Я давно не видел цветов, растущих внутри. Где я теперь жил, цветы росли на газонах – вокруг домов в Квартале 1. В других Кварталах я не бывал.
В Лизиной комнате цветы росли в горшках на подоконнике. И на кухне. Цветы в кухне я видел лишь мельком: мы сразу проходили в ее комнату – не терять времени. Мать Лизы возвращалась с работы в шесть вечера, и наши свидания – глупое слово – длились до полшестого. Лиза заводила будильник: не пропустить.
Я же хотел пропустить все будильники в мире, все звенящие тревожным звяканьем “пора-пора”, и быть с ней. Чувствовать ее прижавшееся хрупкое тело, старающееся заполнить любое оставшееся между нами пространство, вытеснить пустоту, чтобы кожа к коже – стать одним; ее узкие руки, охватившие, обхватившие мою шею, плечи, ее горячие ладони, скользившие по моей голой спине и задававшие этим скольжением ритм наших движений; ее тонкие ноги, обвившие мои бедра, словно она решила не отпускать меня никуда и никогда. До полшестого.
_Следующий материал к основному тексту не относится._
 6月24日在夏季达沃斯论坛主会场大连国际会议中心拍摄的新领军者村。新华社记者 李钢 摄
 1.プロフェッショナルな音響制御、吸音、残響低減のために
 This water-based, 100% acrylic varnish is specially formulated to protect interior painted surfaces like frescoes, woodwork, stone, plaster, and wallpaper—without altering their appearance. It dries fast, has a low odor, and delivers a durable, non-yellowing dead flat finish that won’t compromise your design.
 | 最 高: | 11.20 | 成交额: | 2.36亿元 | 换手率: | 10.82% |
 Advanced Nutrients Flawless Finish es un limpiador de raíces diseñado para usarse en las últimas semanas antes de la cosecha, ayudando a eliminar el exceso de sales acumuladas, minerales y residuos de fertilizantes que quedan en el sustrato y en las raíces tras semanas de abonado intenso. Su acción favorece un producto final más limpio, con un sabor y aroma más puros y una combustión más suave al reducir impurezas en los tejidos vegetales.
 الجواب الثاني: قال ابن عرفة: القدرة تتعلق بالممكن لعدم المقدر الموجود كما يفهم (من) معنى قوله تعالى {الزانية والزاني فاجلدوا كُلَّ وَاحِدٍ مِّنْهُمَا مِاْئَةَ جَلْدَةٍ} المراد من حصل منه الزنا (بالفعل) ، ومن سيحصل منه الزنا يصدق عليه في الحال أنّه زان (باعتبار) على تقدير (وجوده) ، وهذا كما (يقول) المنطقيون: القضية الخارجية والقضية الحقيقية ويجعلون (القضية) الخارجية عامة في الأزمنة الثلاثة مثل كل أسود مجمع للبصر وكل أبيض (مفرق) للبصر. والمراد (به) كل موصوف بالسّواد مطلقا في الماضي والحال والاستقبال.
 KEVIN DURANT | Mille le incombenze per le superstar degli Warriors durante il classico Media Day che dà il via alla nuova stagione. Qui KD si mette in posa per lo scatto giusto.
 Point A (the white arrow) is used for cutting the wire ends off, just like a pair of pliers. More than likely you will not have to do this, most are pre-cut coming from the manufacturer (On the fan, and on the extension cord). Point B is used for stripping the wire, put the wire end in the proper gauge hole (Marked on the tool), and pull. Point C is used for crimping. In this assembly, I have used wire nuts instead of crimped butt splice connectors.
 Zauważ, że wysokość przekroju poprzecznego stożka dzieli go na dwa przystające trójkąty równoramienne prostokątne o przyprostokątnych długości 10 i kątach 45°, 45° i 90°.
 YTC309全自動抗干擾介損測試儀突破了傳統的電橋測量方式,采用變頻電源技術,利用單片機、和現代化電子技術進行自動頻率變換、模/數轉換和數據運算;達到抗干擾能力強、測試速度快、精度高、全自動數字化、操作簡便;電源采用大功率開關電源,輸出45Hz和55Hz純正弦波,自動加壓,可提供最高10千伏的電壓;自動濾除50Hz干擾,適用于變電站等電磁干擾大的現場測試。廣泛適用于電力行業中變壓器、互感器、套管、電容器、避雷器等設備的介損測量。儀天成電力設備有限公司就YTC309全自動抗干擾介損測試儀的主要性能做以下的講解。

Если оставалось время, мы лежали, обнявшись, прижавшись друг к другу; Лиза сверху, уткнувшись горячими влажными губами мне в шею, продолжая меня целовать, я – так и оставшись в ней, чувствуя, как она дышит, чуть сжимая меня внутри – в такт дыханию.
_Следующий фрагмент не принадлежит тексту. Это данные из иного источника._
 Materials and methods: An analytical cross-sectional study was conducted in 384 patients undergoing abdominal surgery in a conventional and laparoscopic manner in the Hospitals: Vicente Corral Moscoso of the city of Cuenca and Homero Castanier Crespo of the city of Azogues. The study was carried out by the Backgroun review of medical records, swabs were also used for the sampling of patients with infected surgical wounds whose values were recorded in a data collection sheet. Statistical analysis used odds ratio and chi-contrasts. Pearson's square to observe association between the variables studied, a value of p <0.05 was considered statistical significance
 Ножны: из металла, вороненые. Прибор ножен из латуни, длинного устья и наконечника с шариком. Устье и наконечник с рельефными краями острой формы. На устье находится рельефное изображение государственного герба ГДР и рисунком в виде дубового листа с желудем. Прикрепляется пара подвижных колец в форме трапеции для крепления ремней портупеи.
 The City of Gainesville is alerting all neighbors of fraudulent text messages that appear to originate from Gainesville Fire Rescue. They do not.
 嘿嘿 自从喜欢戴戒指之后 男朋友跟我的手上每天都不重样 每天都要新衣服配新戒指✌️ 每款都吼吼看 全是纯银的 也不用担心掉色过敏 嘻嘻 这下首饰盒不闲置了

Лиза рассказывала о своих планах и поначалу ждала, что я расскажу о своих. Что я мог ей рассказать? Ничего. Она поняла и перестала спрашивать.
На улице стояла жара – конец августа, и мы закрыли окна от медленно, неумолимо – как асфальтовый каток – наплывавшего горячего ветра, топившего городок в сухом зное. Внутри Периметра легким теплом была разлита весна: ровная, прозрачная, никогда не заканчивающаяся весна. За Периметром сезоны сменяли друг друга, и я помнил ощущение от возвращения в прежнюю жизнь, когда первый раз пробрался за Периметр зимой. Словно вернулся домой, где давно-давно не был. А там все так же. Даже мебель стоит на своих местах.
– Я должна уехать двадцать седьмого. – Лиза приподнялась на локте: хотела видеть мое лицо. – Занятия в институте начнутся первого числа.
Лиза хотела быть доктором. Я не любил докторов. Я не любил доктора Розенцвейга. Очень.
Родители учили быть с Розенцвейгом вежливым. Я был. Розенцвейг – после очередного ухода и возвращения – мучил меня и родителей бесконечными анализами, втыкая иглы, подключая датчики, измеряя давление. Я не знал, что Розенцвейг со мной делал, пока я был мертв.
– Вы что-то чувствуете… там? – в сотый, тысячный, миллионный раз спрашивал Розенцвейг. – Сны, видения? Что-нибудь?
Глупость, конечно: что может чувствовать мертвый? Глупый, глупый доктор Розенцвейг.
– Возможно, вы чувствуете что-нибудь перед пробуждением? Вспомните, голубчик, ну пожалуйста, вспомните! Это важно. Очень.
– Это не пробуждение, Людвиг Францевич. Это воскрешение.
Розенцвейг качал головой: он не любил невозможного. Если допустить невозможное, мир перестанет быть объясним. А значит, и управляем. Доктор Розенцвейг хотел жить в управляемом мире. Желательно им самим.
– Кирюша… – Лиза соскользнула с меня и легла рядом. Прижалась. – Обними меня.
Я почувствовал – серьезное. Что-то серьезное. Беда? Я закрыл глаза и попытался это увидеть: часто получалось. Мать видела всегда. Когда мать была рядом, видел и я. А сейчас нет. Часто получалось, а сейчас – нет.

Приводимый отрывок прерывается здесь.